NEW YORK, March 1 (IFR) - The competitive pricing of Redwood Trust’s recent US$290m RMBS -- the first private-label mortgage bond of the year, and only the second major offering since the onset of the financial crisis -- proves that a mortgage market backed by private capital can be revived without any deleterious effect on borrowers or investors, Redwood’s Chief Operating Officer said on Tuesday.
“This residential mortgage securitization demonstrates that the private sector can finance residential mortgage loans without government backing at levels that are attractive to borrowers and investors,” CFO Brett Nicholas said in a prepared statement.
“More specifically, the economics of this transaction support private-sector financing of prime mortgages with rates that are within 0.5% of the rates on mortgages financed through Fannie Mae or Freddie Mac. The pricing of this securitization transaction suggests that fears of residential mortgage rates rising by 100 to 150 basis points unless there is government backing through Fannie Mae or Freddie Mac appear to be unfounded.”
The California-based REIT launched the offering, Sequoia Mortgage Trust 2011-1, two weeks ago. It consisted of mortgage-loan collateral from originators PHH Mortgage and First Republic. The transaction priced at par, with a 4.125% yield.

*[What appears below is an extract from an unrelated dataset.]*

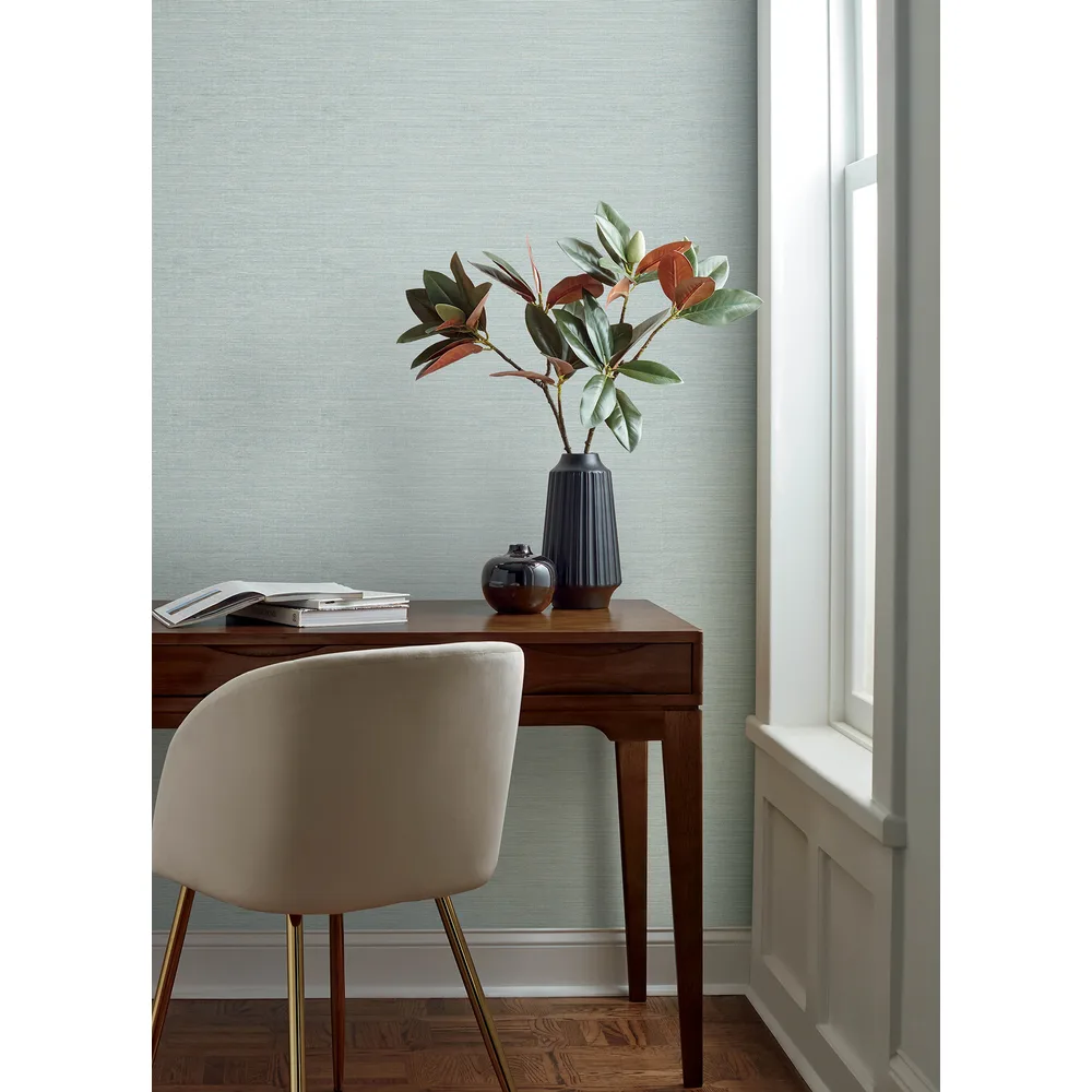 Chesapeake Oak & Moss | Agave Light Blue Faux Grasscloth Wallpaper

The offering was the first major non-agency RMBS since Redwood’s last private-label deal in April 2010, the US$222m Sequoia Mortgage Trust 2010-H1, which was only the first private RMBS since the crisis. The 2010 deal had a different originator as well: CitiMortgage.
About 92.5% of the principal amount of the current securitization was rated ‘AAA’ by Fitch, the only rating agency on the deal.
Shortly after the deal was announced, both Moody’s and Standard & Poor’s released public reports saying that the Sequoia transaction should have had more protection built into it because so much of the pool was concentrated in the earthquake-prone San Francisco area.
Moody’s was originally hired for the deal last year, but was dropped when Redwood Trust disagreed with the agency’s more conservative subordination levels.
At the recent Asset Securitization Forum annual conference, Redwood CEO Martin Hughes was outspoken about the need for the government to step back from the mortgage market in order for private capital to flow back in. Fannie Mae FNMA.OB, Freddie Mac FMCC.OB, and Ginnie Mae currently finance close to 95% of US mortgages.
Hughes reiterated the sentiment today and said that the current Sequoia offering is a very positive step in the right direction.
“This transaction marks another step toward re-opening the private mortgage securitization market and supports the Treasury Department’s recent finance reform proposal that calls for the private market to become the primary source of mortgage credit for the U.S. housing market,” he said in a press release.
”This transaction also supports our belief that triple-A investors will provide attractive financing for prime residential mortgages provided their demands for enhanced disclosure transparency, alignment of interests, high quality collateral, and structural protections are responded to with improvements in these areas.
“We look forward to the potential roll-back at the end of September 2011 of the temporary increase in the conforming loan limits applicable to Fannie Mae and Freddie Mac, which would increase the share of the mortgage market for the private sector and reduce future risk to taxpayers.”